### Information supplied ###

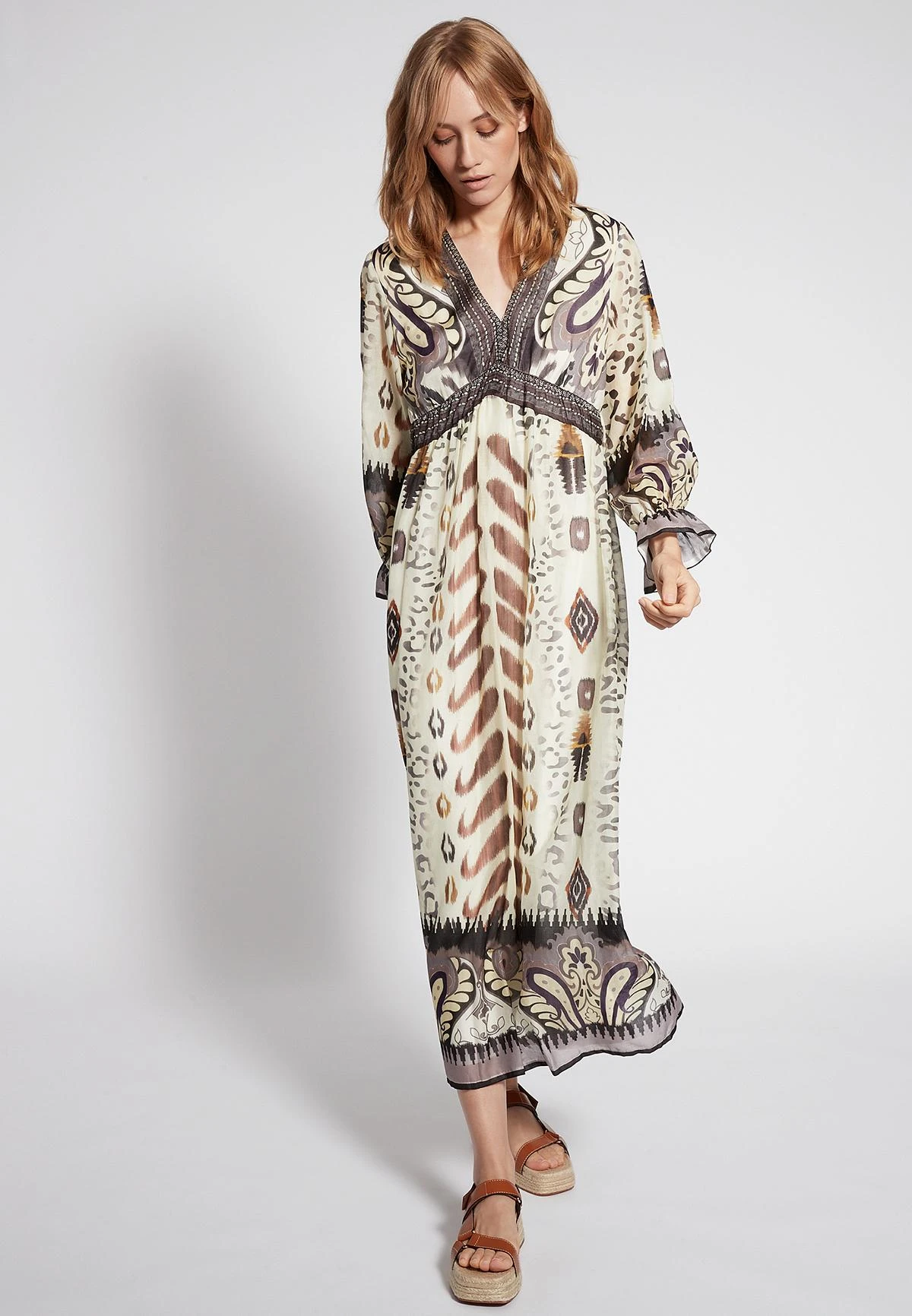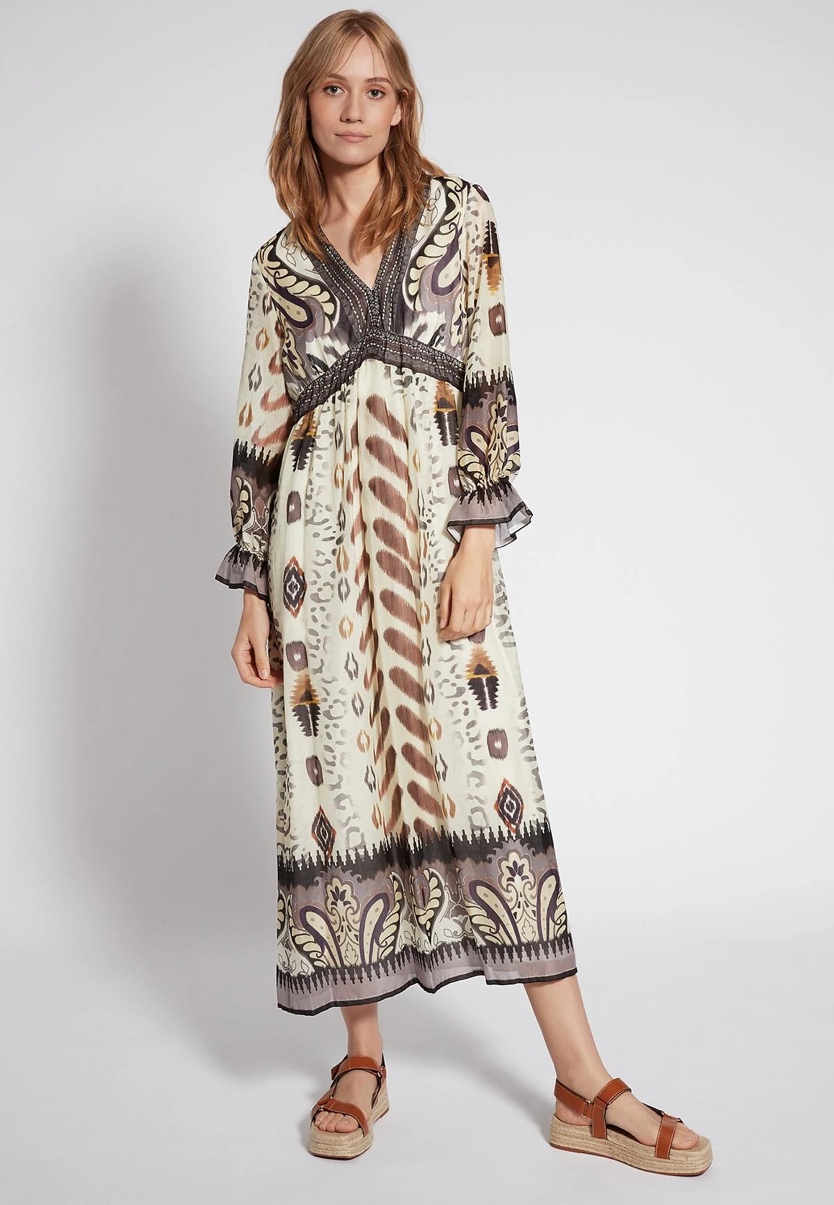Lange Boho Jurk met Hoge Taille
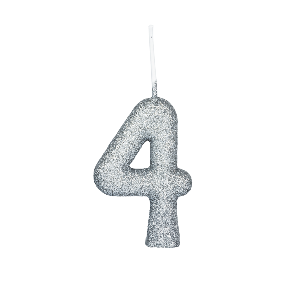 VELA CINTILANTE GLITTER PRATA NUMERO 4 REGINA
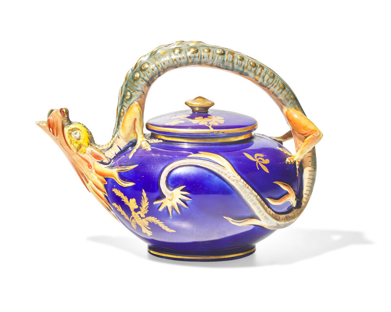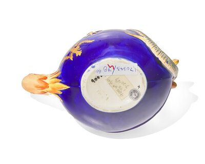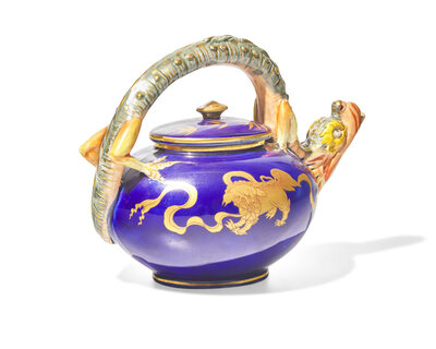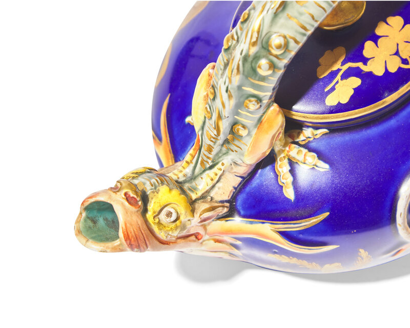 Having a beautifully detailed dragon handle above a gilt decorated blue ground body.
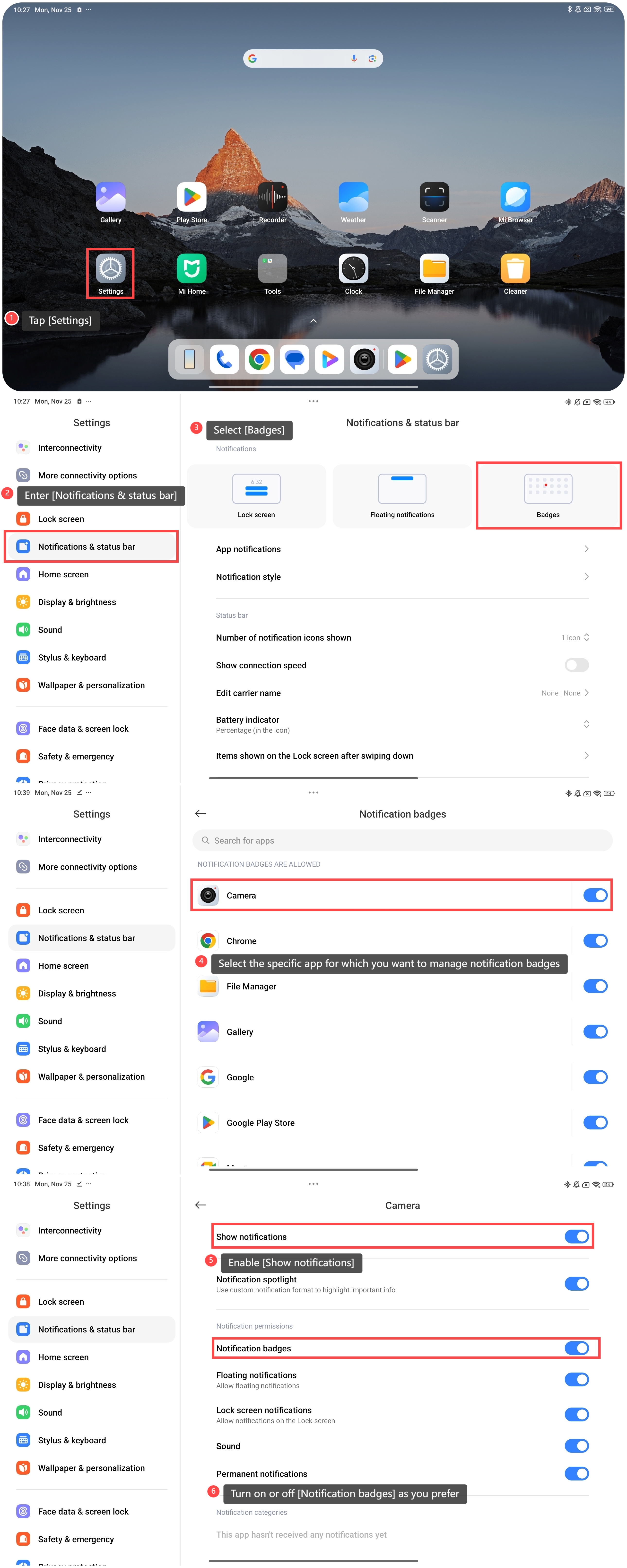 Bằng cách quản lý huy hiệu thông báo trên Redmi Pad Pro 5G một cách thông minh, bạn có thể thấy ngay các ứng dụng có thông báo mới mà không cần mở chúng. Nó cải thiện hiệu quả sử dụng máy tính bảng, giảm nhiễu và cải thiện khả năng lấy nét để có trải nghiệm sử dụng hợp lý hơn. Để quản lý huy hiệu thông báo trên máy tính bảng, vui lòng tham khảo các phương pháp sau: Phương pháp 1: 1. Nhấn vào [Cài đặt]; 2. Vào [Thông báo & thanh trạng thái]; 3. Chọn [Huy hiệu]; 4. Chọn ứng dụng cụ thể mà bạn muốn quản lý huy hiệu thông báo; 5. Bật [Hiển thị thông báo]; 6. Bật hoặc tắt [Huy hiệu thông báo] tùy thích.

###

> [Exercise] In the listing above, find the line with "VELA CINTILANTE GLITTER" and output every line through the one with "Having a beautifully", exactly, without the pictures.

> [Written solution]
 VELA CINTILANTE GLITTER PRATA NUMERO 4 REGINA
 Having a beautifully detailed dragon handle above a gilt decorated blue ground body.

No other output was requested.